- **About this task**
Leave out the pictures and transcribe the rest of the records exactly.

[Exercise materials — start]

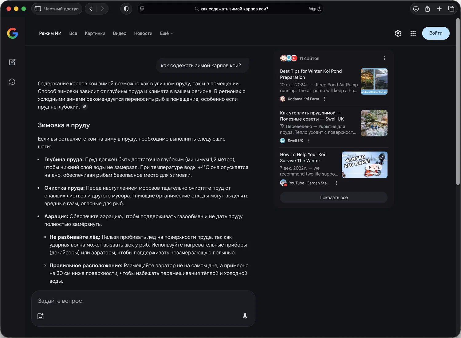 Например, на скриншоте ниже показан ответ Google в режиме ИИ на вопрос пользователя. ИИ сгенерировал развернутую сводку и отобразил ссылки на источники информации, позволяя сразу перейти к первоисточникам для проверки деталей. Видно, что интерфейс режима ИИ выглядит как чат: вопрос пользователя и ответ нейросети представлены в отдельной панели, тогда как классическая поисковая выдача остаётся доступна параллельно (во вкладке или области рядом).
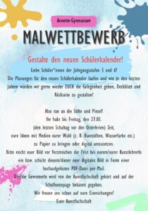 Liebe SchülerInnen der Jahrgangsstufen 5 und 6! Die Planungen für den neuen Schülerkalender laufen und wie in den letzten Jahren würden wir gerne wieder EUCH die Gelegenheit geben, Deckblatt und Rückseite zu gestalten!
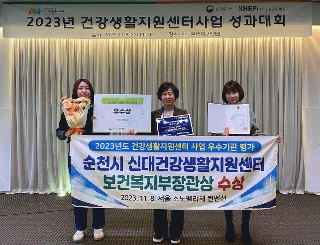 [¹Ìµð¾îÀü³² ÀÓ¼º¿Ï ±âÀÚ]¼øÃµ½Ã ½Å´ë°Ç°»ýȰÁö¿ø¼¾ÅÍ´Â 8ÀÏ º¸°Çº¹ÁöºÎ ¹× Çѱ¹°Ç°ÁõÁø°³¹ß¿ø¿¡¼ ÁÖÃÖÇÑ ¡®2023³â °Ç°»ýȰÁö¿ø¼¾ÅÍ»ç¾÷ ¼º°ú´ëȸ¡¯¿¡¼ ¿ì¼ö±â°üÀ¸·Î ¼±Á¤µÅ º¸°Çº¹ÁöºÎ Àå°ü»óÀ» ¼ö»óÇß´Ù. À̹ø ¼º°ú´ëȸ´Â Àü±¹ 8¡¦
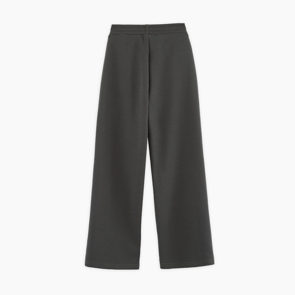 Брюки глубокого оттенка тёмный лес для девочки. Прямая широкая модель со средней посадкой. Изделие без застежки, на мягком эластичном поясе. Брюки дополнены карманами в швах. Модель из футера декорирована авторской печатью.
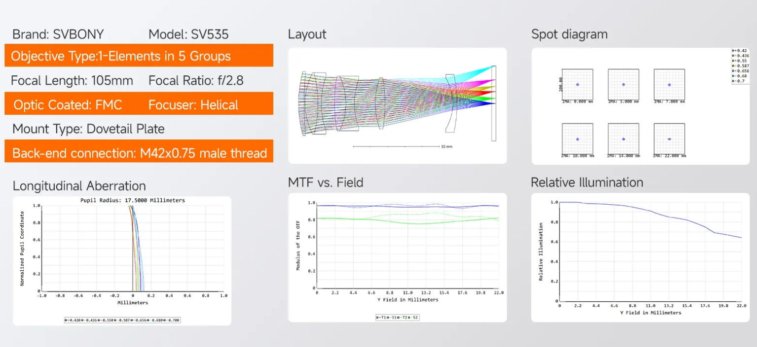 | Model | SV535 | | Lens type | 7 elements in 5 groups | | focal length | 105 mm | | opening ratio | f/2,8 | | remuneration | FMC (Fully Multi-Coated) | | focuser | Helical | | Assembly | Dovetail plate | | Connection (rear) | M42 × 0.75 external thread | | Weight | approx. 1500 g |
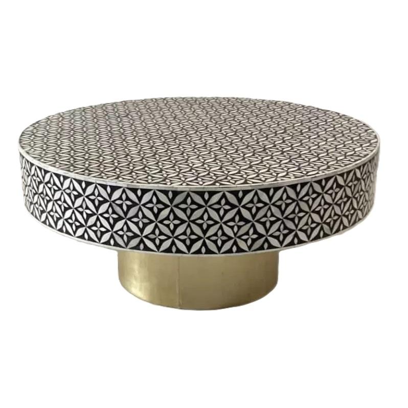 2025 nouveauté table basse de forme solide fabriquée à la main avec incrustation d'os à motif floral artisanat naturel par ZAM ZAM IMPEX
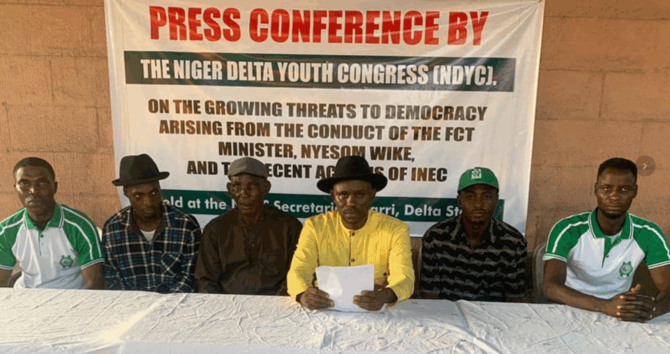 The Niger Delta Youth Congress (NDYC) has issued a strongly worded statement warning that Nigeria’s democracy is facing “growing and escalating threats” from both the Minister of the Federal Capital Territory, Nyesom Wike, and the recent actions of the Independent National Electoral Commission (INEC).
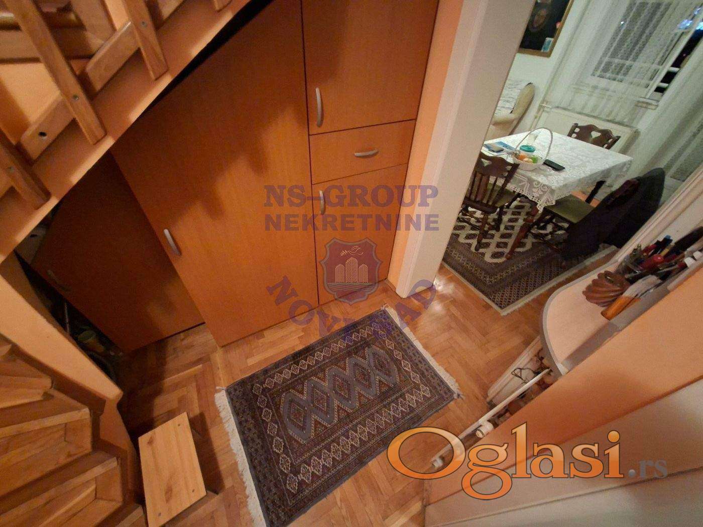 Predstavljamo Vam odličan dupleks stan u ulici Sonje Marinković u Veterniku. Stan se sastoji od 86m2 i u prizemlju poseduje komforan dnevni boravak sa fizički izdvojenom kuhinjom i prirodnom ventilacijom, kupatilo i terasu. Na spratu se nalaze 3 spavaće sobe od koje su dve izuzetno komforne i jedna dečja soba, kao i kupatilo. Pored zgrade se nalazi vrtić, a u neposrednoj blizini se nalazi i škola,brojna autobuska stajališta,crkva,kružni tok koji spaja put prema Futogu,Sajlovu i Novom Sadu. Takodje tu su i brojne prodavnice, saloni nameštaja kao i kafići. Ispred zgrade je napravljen veliki broj parking mesta za stanare. Ovaj stan je dvostrano orijentisan i pruža pravi porodičan komfor. Stan je uknjižen 1/1 na vlasnika bez tereta i zabeležbi tako da je kupovina moguća i putem stambenog kredita. Za više informacija nas pozovite.
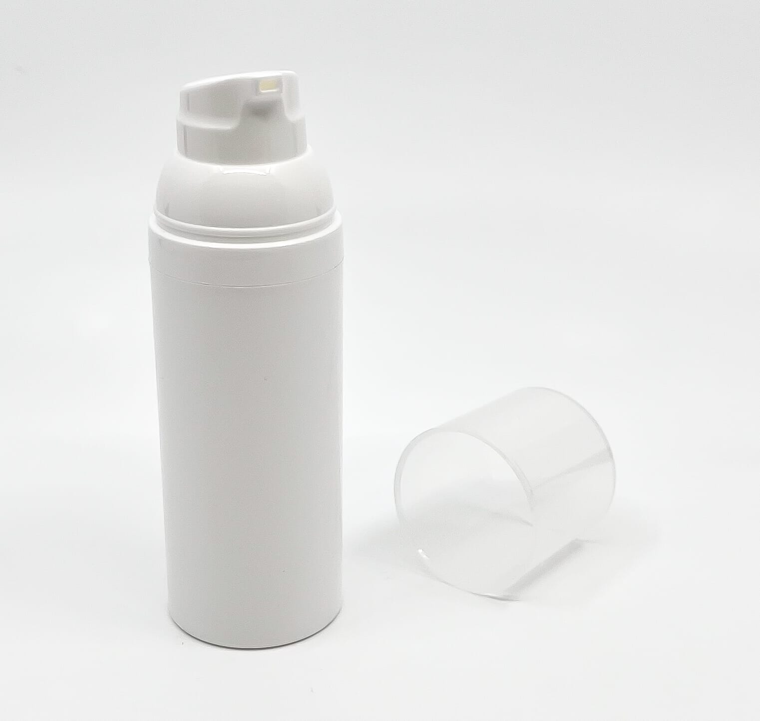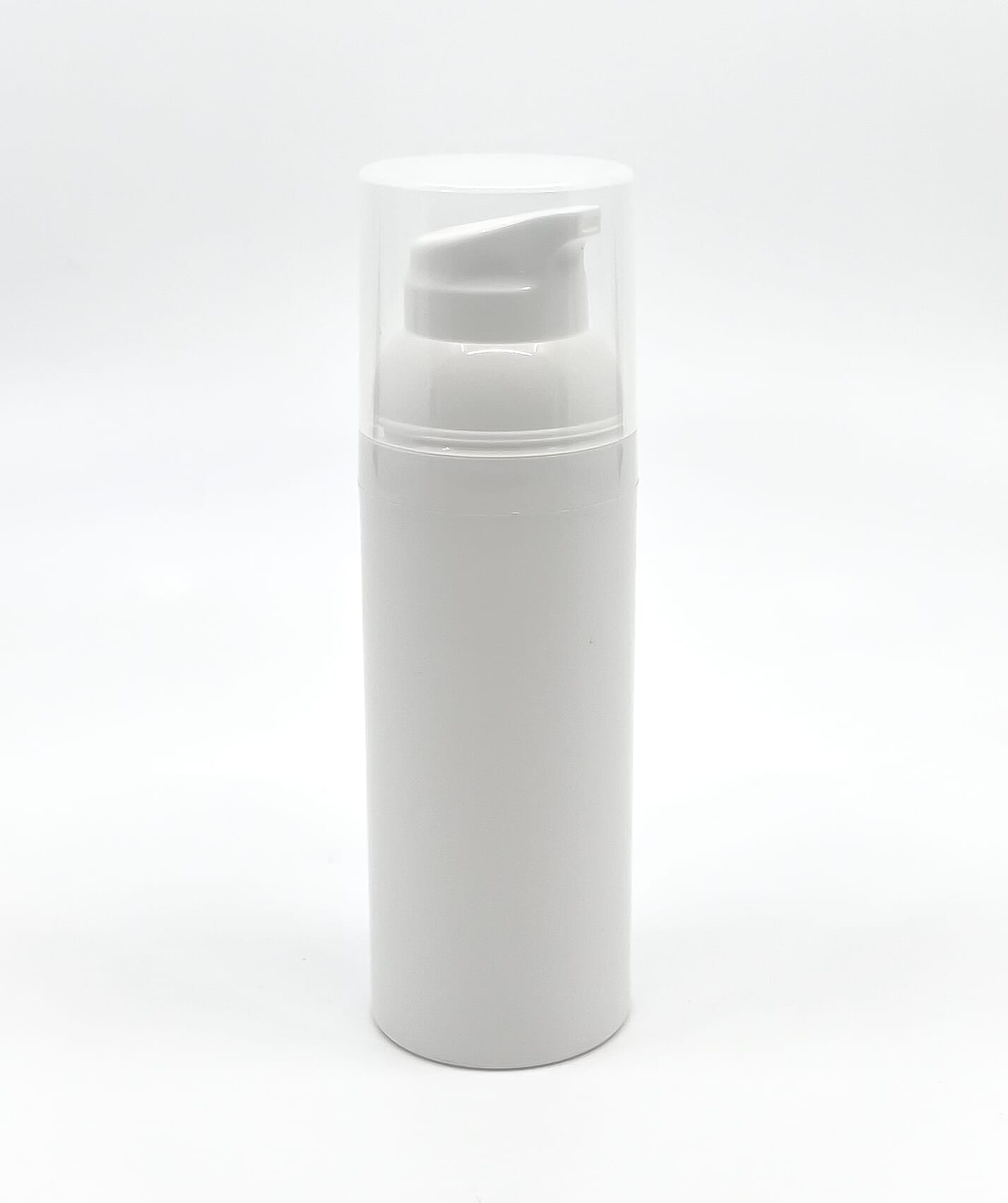 Flaske i hvit plast med airless funksjon inkl. lokk i klar plast.
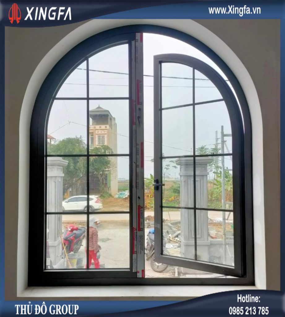 Hình ảnh mẫu cửa sổ mở quay 2 cánh uốn vòm nhôm Xingfa nhập khẩu hệ 55
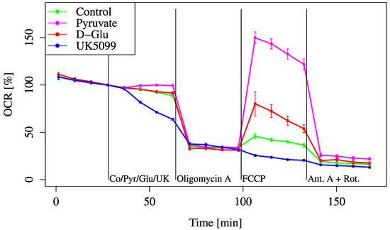 When UK5099 was added, a further decline was observed compared to the control. Even with the addition of FCCP, metabolism did not recover. Pyruvate improved both the baseline and maximum OCRs compared to glucose. The MOCR of glucose was lower than that of pyruvate, suggesting that glucose alone was not efficiently converted into mitochondrial substrates under these conditions. This implies that the glycolytic flux was limited, possibly due to a regulatory bottleneck in the glycolysis pathway, and that exogenous pyruvate bypassed this limitation by directly entering the mitochondria, leading to greater OCR recovery.

[Exercise materials — finish]

- **Solved exercise**
 Например, на скриншоте ниже показан ответ Google в режиме ИИ на вопрос пользователя. ИИ сгенерировал развернутую сводку и отобразил ссылки на источники информации, позволяя сразу перейти к первоисточникам для проверки деталей. Видно, что интерфейс режима ИИ выглядит как чат: вопрос пользователя и ответ нейросети представлены в отдельной панели, тогда как классическая поисковая выдача остаётся доступна параллельно (во вкладке или области рядом).
 Liebe SchülerInnen der Jahrgangsstufen 5 und 6! Die Planungen für den neuen Schülerkalender laufen und wie in den letzten Jahren würden wir gerne wieder EUCH die Gelegenheit geben, Deckblatt und Rückseite zu gestalten!
 [¹Ìµð¾îÀü³² ÀÓ¼º¿Ï ±âÀÚ]¼øÃµ½Ã ½Å´ë°Ç°»ýȰÁö¿ø¼¾ÅÍ´Â 8ÀÏ º¸°Çº¹ÁöºÎ ¹× Çѱ¹°Ç°ÁõÁø°³¹ß¿ø¿¡¼ ÁÖÃÖÇÑ ¡®2023³â °Ç°»ýȰÁö¿ø¼¾ÅÍ»ç¾÷ ¼º°ú´ëȸ¡¯¿¡¼ ¿ì¼ö±â°üÀ¸·Î ¼±Á¤µÅ º¸°Çº¹ÁöºÎ Àå°ü»óÀ» ¼ö»óÇß´Ù. À̹ø ¼º°ú´ëȸ´Â Àü±¹ 8¡¦
 Брюки глубокого оттенка тёмный лес для девочки. Прямая широкая модель со средней посадкой. Изделие без застежки, на мягком эластичном поясе. Брюки дополнены карманами в швах. Модель из футера декорирована авторской печатью.
 | Model | SV535 | | Lens type | 7 elements in 5 groups | | focal length | 105 mm | | opening ratio | f/2,8 | | remuneration | FMC (Fully Multi-Coated) | | focuser | Helical | | Assembly | Dovetail plate | | Connection (rear) | M42 × 0.75 external thread | | Weight | approx. 1500 g |
 2025 nouveauté table basse de forme solide fabriquée à la main avec incrustation d'os à motif floral artisanat naturel par ZAM ZAM IMPEX
 The Niger Delta Youth Congress (NDYC) has issued a strongly worded statement warning that Nigeria’s democracy is facing “growing and escalating threats” from both the Minister of the Federal Capital Territory, Nyesom Wike, and the recent actions of the Independent National Electoral Commission (INEC).
 Predstavljamo Vam odličan dupleks stan u ulici Sonje Marinković u Veterniku. Stan se sastoji od 86m2 i u prizemlju poseduje komforan dnevni boravak sa fizički izdvojenom kuhinjom i prirodnom ventilacijom, kupatilo i terasu. Na spratu se nalaze 3 spavaće sobe od koje su dve izuzetno komforne i jedna dečja soba, kao i kupatilo. Pored zgrade se nalazi vrtić, a u neposrednoj blizini se nalazi i škola,brojna autobuska stajališta,crkva,kružni tok koji spaja put prema Futogu,Sajlovu i Novom Sadu. Takodje tu su i brojne prodavnice, saloni nameštaja kao i kafići. Ispred zgrade je napravljen veliki broj parking mesta za stanare. Ovaj stan je dvostrano orijentisan i pruža pravi porodičan komfor. Stan je uknjižen 1/1 na vlasnika bez tereta i zabeležbi tako da je kupovina moguća i putem stambenog kredita. Za više informacija nas pozovite.
 Flaske i hvit plast med airless funksjon inkl. lokk i klar plast.
 Hình ảnh mẫu cửa sổ mở quay 2 cánh uốn vòm nhôm Xingfa nhập khẩu hệ 55
 When UK5099 was added, a further decline was observed compared to the control. Even with the addition of FCCP, metabolism did not recover. Pyruvate improved both the baseline and maximum OCRs compared to glucose. The MOCR of glucose was lower than that of pyruvate, suggesting that glucose alone was not efficiently converted into mitochondrial substrates under these conditions. This implies that the glycolytic flux was limited, possibly due to a regulatory bottleneck in the glycolysis pathway, and that exogenous pyruvate bypassed this limitation by directly entering the mitochondria, leading to greater OCR recovery.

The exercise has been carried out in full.